Der Junggesellenverein Oudler wurde offiziell 1982 gegründet. Doch schon über hundert Jahre zuvor kümmerten sich Junggesellen in Oudler um die Brauchtumspflege und das interne dörfliche Kulturleben.

Erster Präsident wurde der bereits verstorbene Werner Lentzen, der jedoch  nach kurzer Zeit abdanken musste und so das Feld für Reinhold Fank räumte. Als Vereinswappen und Maskottchen wurde damals der Löwe ausgesucht, der auch heute noch dem Verein vorsteht. Um zu finanziellen Mitteln zu gelangen und um die Ziele, und auch Wünsche der Vereinsmitglieder zu erfüllen, organisierten die „Greenhorns“ erstmals größere Feste, wie zum Beispiel der so genannte „Gründungsball“ in der Depothalle von Walter Reinertz. Neben der Präsens bei Dorffeiern und auch der intensiven Brauchtumspflege erwies sich der JGV als „Mädchen für alles“, wenn im Dorfkern wieder „Not am Manne“ war. Präsident Reinhold Fank folgten Harald Bantz, Kurt Bous, Manfred Duprez, Gert Greven und Gerd Hennen.

Aktiv in vielen Bereichen

In den 1990er Jahren erwies sich der JGV Oudler als eine der Triebfedern der Müllsammelaktion in der Gemeinde.  Die Reuli-Aktion wurde u.a. durch den Vorstand unseres JGV zusammen mit dem JGV Auel-Steffeshauesen und Aldringen in Kooperation mit der Gemeinde und der DG organisiert. Dabei wurden die Straßenränder und Flüsschen (Kajak-Aktion auf der Our) der jeweiligen Dörfer vom Müll befreit. Auch zeichnete sich der JGV durch diverse Teilnahmen an Aktivitäten im Ausland aus: sei es nun Fußballturniere in Koblenz oder aber Rundballenrennen in Rommersheim, der JGV Oudler vertrat überall erfolgreich die Vereinsfarben und machte durch die Kollegialität und die interne Geschlossenheit auf sich aufmerksam. Im Dorf selbst ist der JGV eher bescheiden und still. Als Mitgarant und Gestalter der Kappensitzung und des Karnevals in Oudler konnten in der Vergangenheit bereits wunderschöne Motivwagen geschaffen werden. Auch ist es mittlerweile Tradition, dass der Karnevalsprinz aus den Reihen des JGV stammt. Weitere Brauchtümer, für die sich der JGV einsetzt, sind: das Burgbrennen, der Maikranz, die Maienacht, das Kirmesbaumaufrichten und das Krugschlagen.  In den vergangenen Jahren finanzierte der JGV zudem einige Dorfprojekte, wie beispielsweise die Totenkapelle oder aber die Schulchronik im Jahre 1996.

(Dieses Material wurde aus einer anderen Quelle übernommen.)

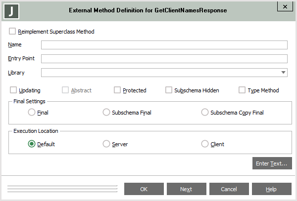 14. In the Execution Location group box, select the Server or Client option button if you want the serverExecution or clientExecution method option added to the signature of your external method so that the method and all methods subsequently called by this external method are executed on the server node or client node, respectively.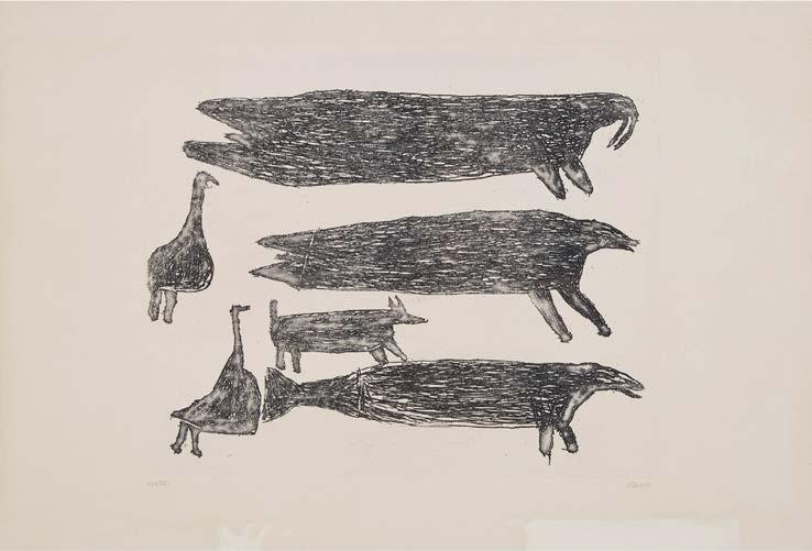 KIAKSHUK ᑭᐊᓱ (1886-1966), KINNGAIT (CAPE DORSET) UNTITLED (PEOPLE AND ANIMALS), 1962; UNTITLED (ANIMALS), 1962 engravings; numbered 27/50; artist’s name in Roman; numbered 33/50; artist’s name in Roman each sight 11.25 x 14.5 in — 28.6 x 36.8 cm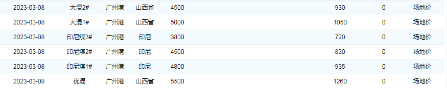 2023年3月8日广州港煤炭价格

Humpenball – Tradition seit 27 Jahren

Der erste Humpenball wurde 1989 organisiert, als man ein Angebot preisgünstiger Porzellan-Humpen aus der damaligen CSSR erhielt. „Hochwertiges Porzellan mit Handmalerei zu einem Preis von nur einem Dollar!“. Da griffen die pfiffigen Junggesellen natürlich zu und planten ein ausgiebiges Biergelage, wie man es sonst nur aus dem Fernsehen von Bayrischen Oktoberfesten her kannte. Umso enttäuschter waren sie, als das Geschäft mit den CSSR-Geschäftsleuten plötzlich platzte. Da man sich bei den 20 geladenen Junggesellenvereinen natürlich nicht blamieren wollte, musste kurzerhand ein neuer Bierseidelhersteller gefunden werden, der auch fristgerecht liefern konnte. Das Fest wurde zu einem tollen Erfolg und die Humpen mit dem typischen alljährlich andersmotivigen Vereinslöwen fanden reißenden Absatz. Fortan wurde der „Humpenball“ am ersten Wochenende nach Ostern zum festen Bestandteil des regionalen JGV-Veranstaltungskalenders.

Die Steigerung erfuhr diese Veranstaltung, als man aus dem doch zu kleinen Vereinslokal in ein Festzelt umsiedelte. Hier war die Bierfeststimmung noch realer und besser. Auch versuchte der JGV stets für Programmhöhepunkte an den Humpenbällen zu sorgen: so gastierten bekannte Top-Gruppen wie die „Strandjungs“, „A.B.Joe“, „MayQUEEN“, „Frank Gallingale“, „Wallstreet“, „Atlantis“, „No Limit“ und „Crossing“. Heute sind im Durchschnitt 3500 Besucher an den beiden Humpenfesttagen in Oudler präsent.  Der Zeltplatz ist seit nunmehr 2012 oberhalb des „Kiireschenböschs“ angesiedelt.